Based on the sample data we can reject H0(p<0.001) and conclude that heteroscedasticity is present. We will need to use robust standard errors.
library(estimatr)
fit_robust <- lm_robust(charges ~ age + bmi + smokerF,
se_type = "HC1",
data = mydata2)
summary(fit_robust)
##
## Call:
## lm_robust(formula = charges ~ age + bmi + smokerF, data = mydata2,
## se_type = "HC1")
##
## Standard error type: HC1
##
## Coefficients:
## Estimate Std.
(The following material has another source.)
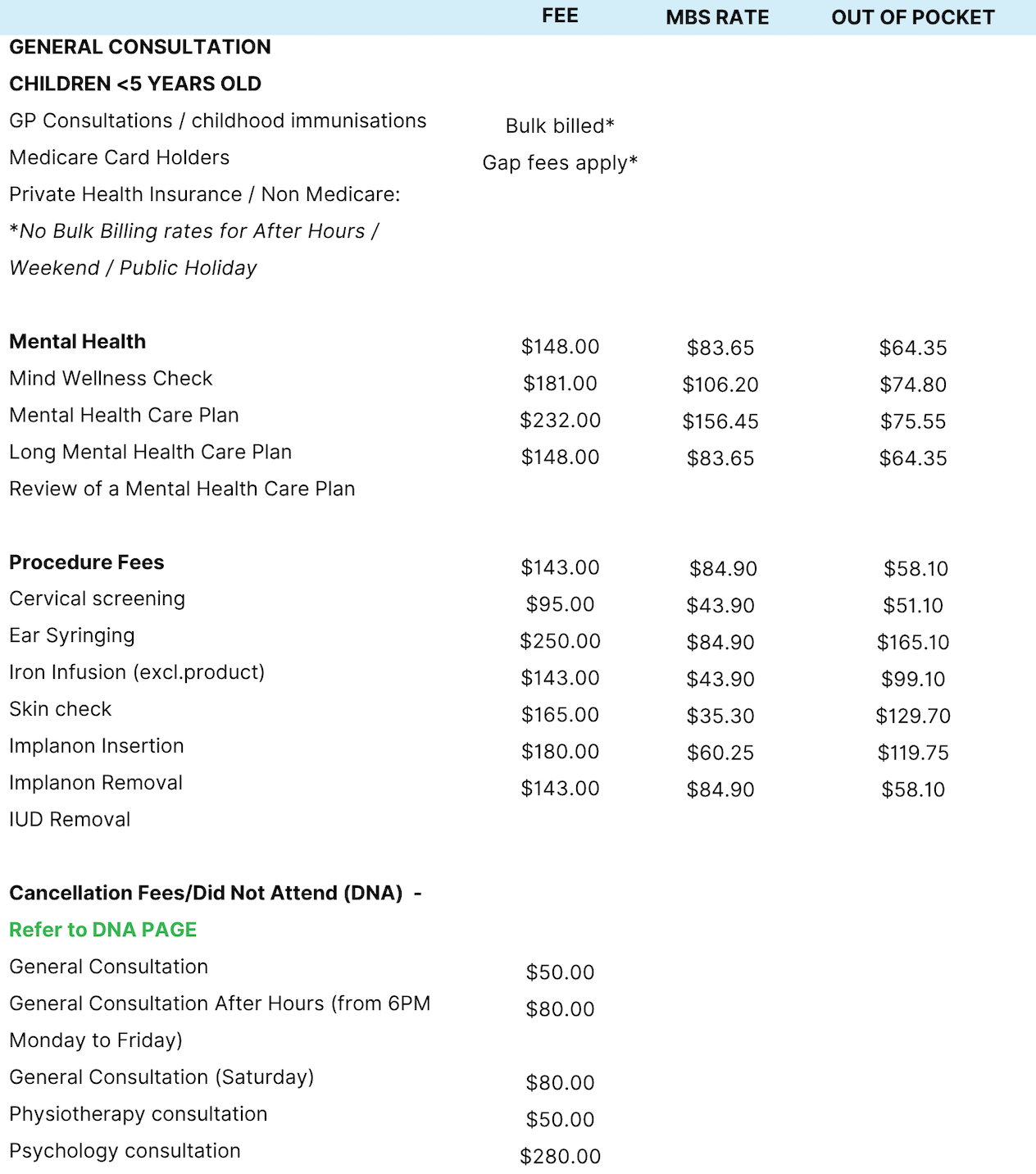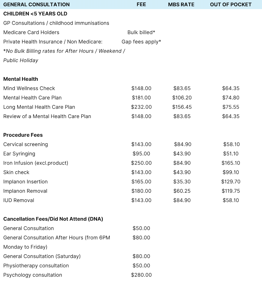 General Practice Fees

Error t value Pr(>|t|) CI Lower CI Upper DF
## (Intercept) 9600.0 1815.79 5.287 2.081e-07 6030.0 13170.0 388
## age 261.8 19.29 13.571 1.332e-34 223.9 299.7 388
## bmi 354.4 50.87 6.966 1.402e-11 254.3 454.4 388
## smokerFno -22880.9 1038.74 -22.027 2.458e-70 -24923.1 -20838.6 388
##
## Multiple R-squared: 0.7651 , Adjusted R-squared: 0.7633
## F-statistic: 225.3 on 3 and 388 DF, p-value: < 2.2e-16
Charges = 9600 + 261.8age + 354.4bmi - 22880.9smokerFno
Multiple R-squared: 76.51%. - 76.51 % of variability of the charges is explained by variability of age, bmi and smoking status.
F-statistic:
Based on the sample data we reject H0(p<0.001) and conclude that at least one independent variable has impact on dependent variable. This model is better model than model without any independent variable.
Based on the sample data, we found that age, Body Max Index and smoking status influence the expenditures of insurance company.